▶ **Your goal**
Show each line in the listing below that contains the word "Realak".

▶ **Dataset entries**
Start of Block

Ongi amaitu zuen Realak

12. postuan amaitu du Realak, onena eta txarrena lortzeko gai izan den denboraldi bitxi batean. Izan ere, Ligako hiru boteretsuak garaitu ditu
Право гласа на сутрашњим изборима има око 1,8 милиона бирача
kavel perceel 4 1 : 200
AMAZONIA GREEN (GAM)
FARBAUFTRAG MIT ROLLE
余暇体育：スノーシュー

End of Block
Start of Block

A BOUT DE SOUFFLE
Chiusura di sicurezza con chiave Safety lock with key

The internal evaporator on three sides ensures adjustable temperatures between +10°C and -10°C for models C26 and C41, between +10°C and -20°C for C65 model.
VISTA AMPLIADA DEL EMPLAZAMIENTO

End of Block

▶ **Solution**
Ongi amaitu zuen Realak
12. postuan amaitu du Realak, onena eta txarrena lortzeko gai izan den denboraldi bitxi batean. Izan ere, Ligako hiru boteretsuak garaitu ditu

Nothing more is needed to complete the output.